Objective: To compare endoscopic dacryocystorhinostomy (EnDCR) with and without silicone lacrimal stenting through subjective (patients’) and objective (surgeons’) outcome parameters. Methodology: Following defined selection criteria, EnDCR was performed on patients with primary chronic dacryocystitis with post-saccal stenosis. Every alternate patient had silicone lacrimal stenting (group A: no stenting; group B: with stenting); stents were removed at three months. At six months (minimum follow-up period), patients’ responses on symptom relief (through a five-point score) and naso-endoscopic evaluation (visualization of rhinostome; presence of granulations and synechiae; lacrimal drainage patency by estimating methylene blue flow pattern) were compared between the groups.
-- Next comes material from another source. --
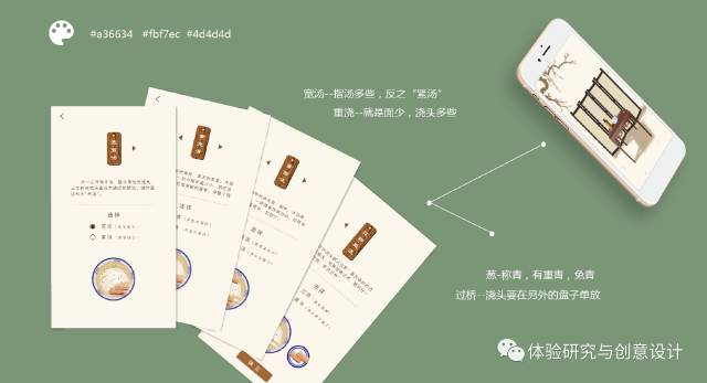 产品“忆碗面”以“堂倌”为切入点。“堂倌”,即旧时人们对面馆小二的称呼。“堂倌吆喝”,是对吃面点单的引导。一步步的,告诉用户苏式面的讲究之处,从汤底的红、白,汤底的宽、紧,重浇、重面等等很多方面来引导人们了解苏式面文化,重温即将丢失的传统称呼。一边点面,一边体验精致生活,体验苏州传统文化。

Results: Each group had 20 patients. There was no statistically significant difference in group-wise follow-up periods. Five-point score at six months revealed 85% and 95% of patients in groups A and B, respectively, experienced “success”; among them, 60% and 75% were “symptom-free”. The majority (75%) in group B experienced no discomfort from stenting. Naso-endoscopy revealed 80% patients in group A and 65% in group B had well-delineated rhinostome, albeit with granulations in 25% and 50%, respectively. Spontaneous dye flow was achieved, respectively, in 75% and 90%. The difference in none of the subjective and endoscopic parameters achieved statistical significance. None had synechia; fibrosis was seen in the four patients with no dye flow even with pressure/massaging. Conclusion: There was no statistically significant difference in EnDCR with and without silicone lacrimal stenting in the overall outcome of symptomatic improvement and endoscopic assessment of the surgical site.